In her book At Home with Madhur Jaffrey, the renowned Indian food writer relates that her own cooking has become simplified over the years.  “I now try to reach real Indian tastes by using simpler methods and fewer steps,” she writes.  One example of Jaffrey’s “at home cooking” is her decision sometimes to bypass the traditional step of browning seasonings and meats in oil.  “I find that if I just marinate the meat with all the spices and seasonings and then bake it . . . the browning happens on its own; the curry absorbs the spices and is delicious,” she says.  Of course it takes time for this absorption process to occur, as Nigella Lawson, another well-known culinary personality, points out:  “One ease-making factor to be borne in mind is that not only can [curries] be made in advance, they need to be; only if you let them steep in their pan, overnight in the fridge, do they have the full resonance of depth and flavor.”  Embracing these two concepts--no pre-browning of ingredients, plus a long overnight marinade--we recently prepared a baked curried chicken dish.  Its flavorsome results did indeed reflect the “full resonance of depth and flavor” described by Lawson.  
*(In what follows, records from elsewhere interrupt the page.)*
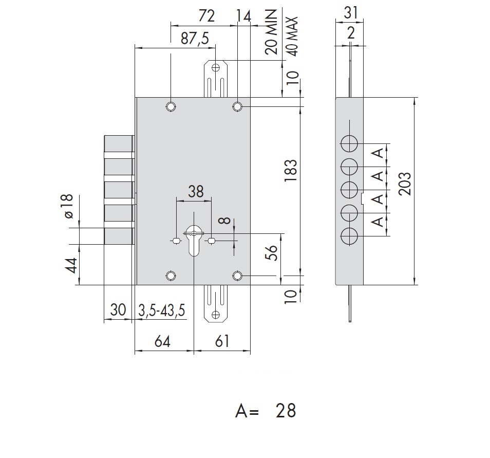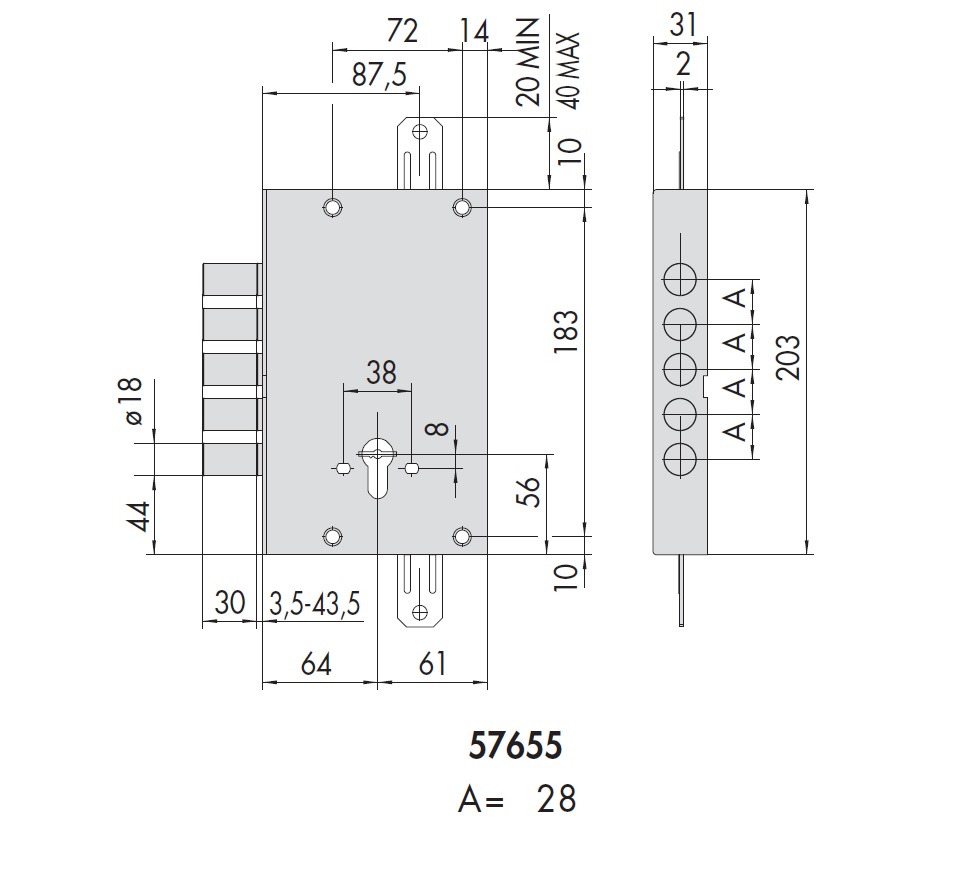 CISA 1.57505.48.0.C5 Замок врезной сувальдный без защёлки, 5 ключей
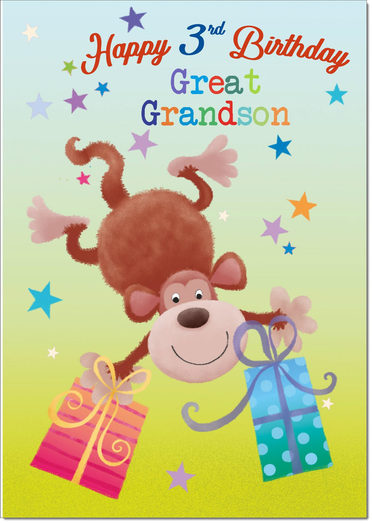 Great Grandson 3rd Birthday Card Age 3 Monkey
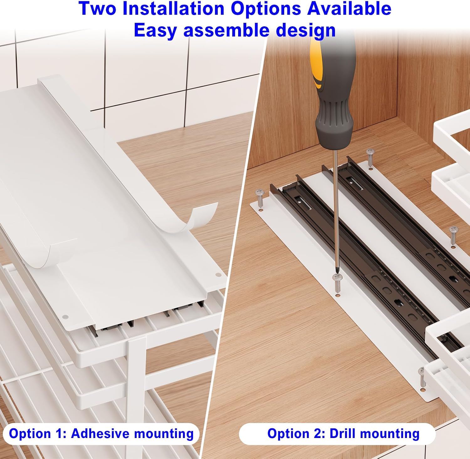 - 【Easy to Install & No Assembly】We offer two installation options: 3M Adhesive strips and drilling mounts. With the adhesive strip option, peel off the adhesive film and adhere it to any applicable surface. For those opting for drilling, we provide all the necessary screw accessories. Our products are designed to require no assembly. You can install them directly into your cabinet after opening the package. It only takes one minute to complete.
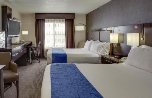 Adjacent to the Meadowlands Sports Complex and 10 miles from Times Square in Manhattan, this Carlstadt hotel features an indoor pool, a hot continental breakfast, and rooms with free Wi-Fi. Each of the rooms at the Meadowland Area Holiday Inn Express is decorated in warm colors and includes hardwood furniture. Guests can watch cable TV and pay-per-view movie channels or use the large work desk. A microwave, refrigerator, and coffee maker are provided. The on-site gym boasts full-length mirrors and mounted TVs. The front desk is open 24 hours a day and the business center is located off of the lobby. The Williams Center for the Arts is 2 miles from Holiday Inn Express Hotel & Suites Meadowlands Area. Liberty State Park and the Statue of Liberty are within 12 miles of the hotel.

When choosing wines to pair with this baked curry, our goal was to test the epicurean cliché that the only drinks that can be paired successfully with spicy curried dishes are beer and other bubbly beverages, or white wines with a decidedly sweet edge. The four people involved in the tasting definitely found dry wines that we liked, but we did not necessarily agree on the specifics, with some of us preferring reds and others whites,  Had we made a beef or lamb curry, the results would undoubtedly have favored red wines. By the same token, if chicken breast had been used instead of the more assertively flavored dark meat of legs and thighs, white wines likely have been the favorites.  We also did not serve any chutneys, as they would have skewed the impact of the wines with the curry.  If you make this dish in your home, however, you should feel free to experiment with various accompaniments.

Baked Chicken Curry  

Serves six:

About 5 pounds chicken drumsticks or boneless, skinless thighs, or a combination of both

Salt and freshly ground black pepper

1 cup unflavored yogurt

2 tablespoons finely minced or grated fresh ginger

4 cloves garlic, minced

1 tablespoon ground coriander

3 teaspoons ground cumin

1 teaspoon ground turmeric

1 teaspoon ground cardamom

1/3 teaspoon cayenne

1 small onion, minced

2 tablespoons olive oil

Place the chicken in a baking dish large enough to hold the pieces in a single layer.  In a bowl, combine all the remaining ingredients except the onion and the olive oil.  Spread half the mixture over the chicken pieces; then turn them over and baste with the remaining half.  Cover tightly and place in the refrigerator overnight. 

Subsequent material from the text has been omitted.